Study material:
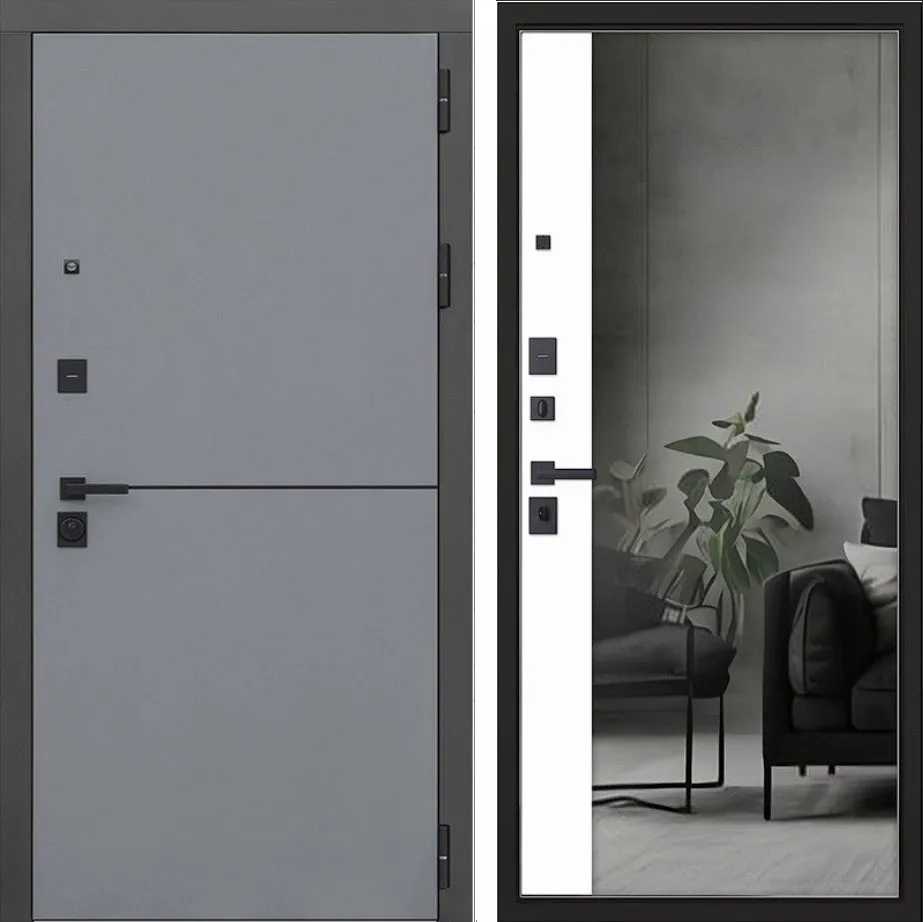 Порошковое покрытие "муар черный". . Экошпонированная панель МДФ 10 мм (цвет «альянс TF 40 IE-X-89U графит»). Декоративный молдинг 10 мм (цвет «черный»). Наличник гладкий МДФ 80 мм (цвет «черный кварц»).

---

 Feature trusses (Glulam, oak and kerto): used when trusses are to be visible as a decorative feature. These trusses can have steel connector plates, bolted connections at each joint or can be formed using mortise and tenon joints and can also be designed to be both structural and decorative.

* * *

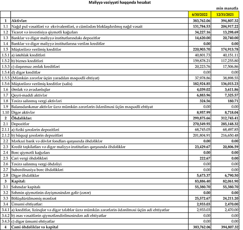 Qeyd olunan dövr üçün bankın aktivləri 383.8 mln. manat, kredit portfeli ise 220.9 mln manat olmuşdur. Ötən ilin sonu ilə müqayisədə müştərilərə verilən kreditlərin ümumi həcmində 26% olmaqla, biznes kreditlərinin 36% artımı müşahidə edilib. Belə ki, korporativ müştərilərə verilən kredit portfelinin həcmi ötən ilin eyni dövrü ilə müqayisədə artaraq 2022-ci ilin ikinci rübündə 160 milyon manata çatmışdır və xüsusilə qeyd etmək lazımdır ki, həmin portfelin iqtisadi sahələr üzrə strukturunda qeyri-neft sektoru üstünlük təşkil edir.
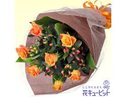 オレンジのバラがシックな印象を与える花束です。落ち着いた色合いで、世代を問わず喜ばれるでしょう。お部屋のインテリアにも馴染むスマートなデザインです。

Work to complete: Range to print from the listing above: from the line with "Qeyd olunan dövr" up to and including the line with "オレンジのバラがシックな印象". Please print those lines exactly, with no pictures and nothing more.

Answer:
 Qeyd olunan dövr üçün bankın aktivləri 383.8 mln. manat, kredit portfeli ise 220.9 mln manat olmuşdur. Ötən ilin sonu ilə müqayisədə müştərilərə verilən kreditlərin ümumi həcmində 26% olmaqla, biznes kreditlərinin 36% artımı müşahidə edilib. Belə ki, korporativ müştərilərə verilən kredit portfelinin həcmi ötən ilin eyni dövrü ilə müqayisədə artaraq 2022-ci ilin ikinci rübündə 160 milyon manata çatmışdır və xüsusilə qeyd etmək lazımdır ki, həmin portfelin iqtisadi sahələr üzrə strukturunda qeyri-neft sektoru üstünlük təşkil edir.
 オレンジのバラがシックな印象を与える花束です。落ち着いた色合いで、世代を問わず喜ばれるでしょう。お部屋のインテリアにも馴染むスマートなデザインです。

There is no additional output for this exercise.